“Distribution of HIV-1 subtypes in a population”, state Mumtaz & Raddad (STI) in a study of the HIV pandemic in the Middle East, “tracks the spread and evolution of the epidemic”. Various studies covered in our previous blogs have attempted to read the history of the progress of the HIV epidemic through the evidence of the distribution of HIV genetic sub-types: Tatem & Salemi (STI/blogs) have investigated its spread throughout Africa; Zhao & Roca (STI/blogs) pass beyond the human epidemic to consider the genetic evidence for repeated transmission from chimpanzees to humans.
Now Faria & Lemey (F&L), in a paper recently appearing in Science, offer an account of the critical early phase of limited spread within Central Africa and the ignition of pandemic HIV-1 around 1960, bringing statistical approaches to bear to HIV-1 sequence data. F&L produce a time-scaled phylogenetic “tree” of HIV-1 group M lineages, matching these up in each case with the geographical location of their earliest manifestation.
This approach points to the very strong likelihood (PP = 0.99) of an origin of the HIV1 epidemic in Kinshasa around 1920. Study of lineage migration shows comparatively early spread from Kinshasa to Brazzaville (Republic of Congo (RC)), and Mbuji-Mayi and Lubumbashi (southern Democratic Republic of Congo (DRC)) along the railway network, and its arrival around a decade later in Bwamanda and Kisangani (northern DRC).
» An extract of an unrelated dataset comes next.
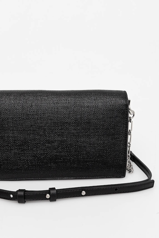Небольшая сумочка из коллекции Calvin Klein. Модель на молнии, выполнена из экокожи. - Поворотная застежка. - Имеет три отделения, одно из которых застегивается на молнию. - Имеет внутренние отделения для карт. - Модель на подкладке. - Не подходит для формата А4. - Несъемный, регулируемый ремешок. - Входящий в комплект тканевый чехол защищает изделие от пыли. - Глубина: 7 см. - Высота: 14,5 см. - Ширина у основания: 24 см.

The crucial period around 1960 (1952-1968) sees, for group M HIV-1, an exponential growth in levels of M-group transmission, while growth in group O transmission remains at previous levels.
But the most interesting aspect of the study relates to conditions around the sudden surge in group M HIV-1 transmission, as indicated by the accelerated ramification of viral lineages during the crucial period. The authors consider the hypothesis that associates this ramification with the geographic dispersal of the epidemic, with the lineages emerging in the more widely distributed populations now being infected. They reject this hypothesis, however, on the grounds that, when the epidemic history of lineages maintaining ancestry within Kinshasa is constructed, these turn out to exhibit phylo-genetic characteristics that are comparable to those of lineages in central Africa.
They conclude that the crucial explosion of pandemic HIV-1 transmission probably occurred in Kinshasa as a result of a historic contingency affecting a particular population subgroup. Prime contenders are iatrogenic transmission as a result of the administration of unsterilized injections at STI clinics, and/or post-independence changes in sexual behaviour e.g. among commercial sex-workers. The authors find support for the iatrogenic hypothesis in a study of the hepatitis C virus in the DRC which shows that it exhibits an age cohort effect, and in reports of an epidemic of hepatitis B in Kinshasa around 1951-2.